*Work order*. For the lines from the one with "这只双头羊羔不能站立,也不能" to the end of the listing below, both ends included, give an exact copy and nothing more. Do not copy pictures.

*Source data*.
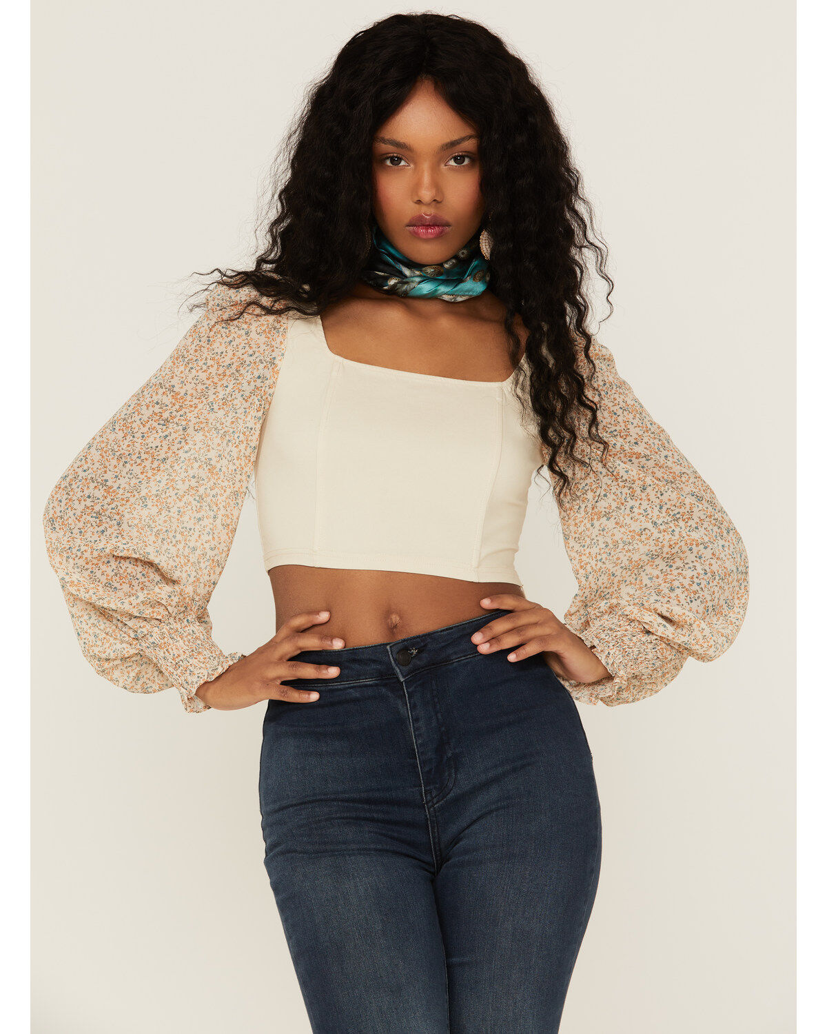 Lush Women's Long Sleeve Chiffon Floral Corset Top
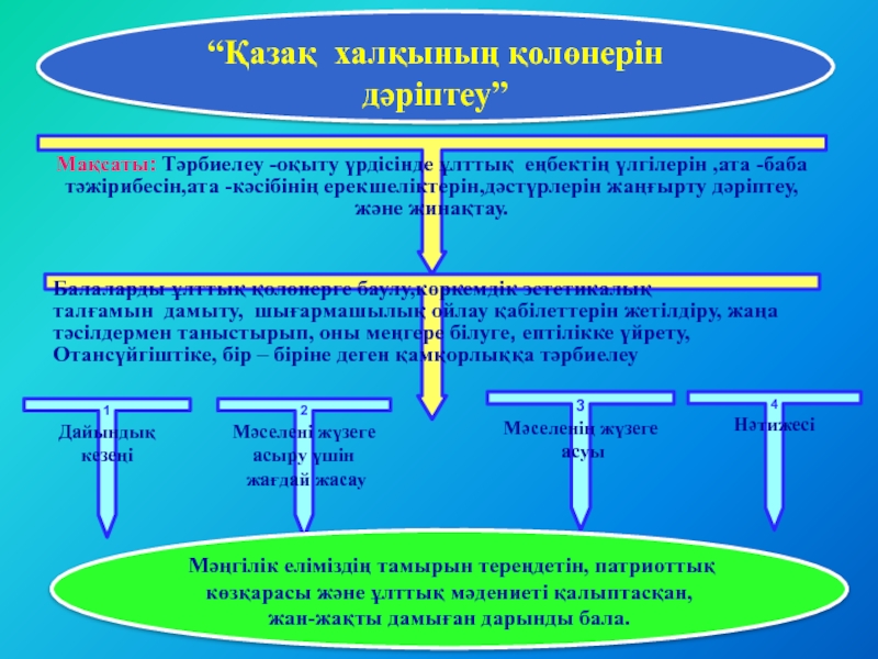 Балаларды ұлттық қолөнерге баулу,көркемдік эстетикалық талғамын дамыту, шығармашылық ойлау қабілеттерін жетілдіру, жаңа тәсілдермен таныстырып, оны меңгере білуге, ептілікке үйрету, Отансүйгіштіке, бір – біріне деген қамқорлыққа тәрбиелеу
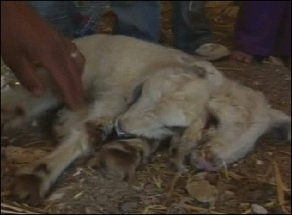 这只双头羊羔不能站立,也不能正常地吃奶。就因为这,母羊发现它太难带了,于是抛弃了这只小羊羔,对它不管不顾。
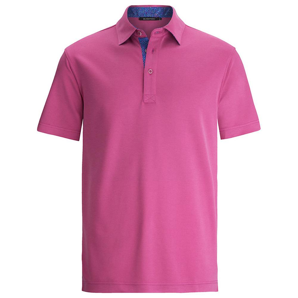 Create a custom embroidery Bugatchi Men's Fuchsia Short Sleeve Three Button Polo Collar that is ideal as a gift or employee apparel. Simple enough to carry your custom logo with pride, yet luxurious enough to be used as corporate apparel. Allowing for a wide range of movement on the golf course or diverse enough to carry your custom logo and be used as high end gifts. The three button collar offers the classic look of a polo that will seamlessly fit into your wardrobe no matter your form of employment. Place an order for a few or a large amount to use for your purposes.Highlights

*Expected output*.
 这只双头羊羔不能站立,也不能正常地吃奶。就因为这,母羊发现它太难带了,于是抛弃了这只小羊羔,对它不管不顾。
 Create a custom embroidery Bugatchi Men's Fuchsia Short Sleeve Three Button Polo Collar that is ideal as a gift or employee apparel. Simple enough to carry your custom logo with pride, yet luxurious enough to be used as corporate apparel. Allowing for a wide range of movement on the golf course or diverse enough to carry your custom logo and be used as high end gifts. The three button collar offers the classic look of a polo that will seamlessly fit into your wardrobe no matter your form of employment. Place an order for a few or a large amount to use for your purposes.Highlights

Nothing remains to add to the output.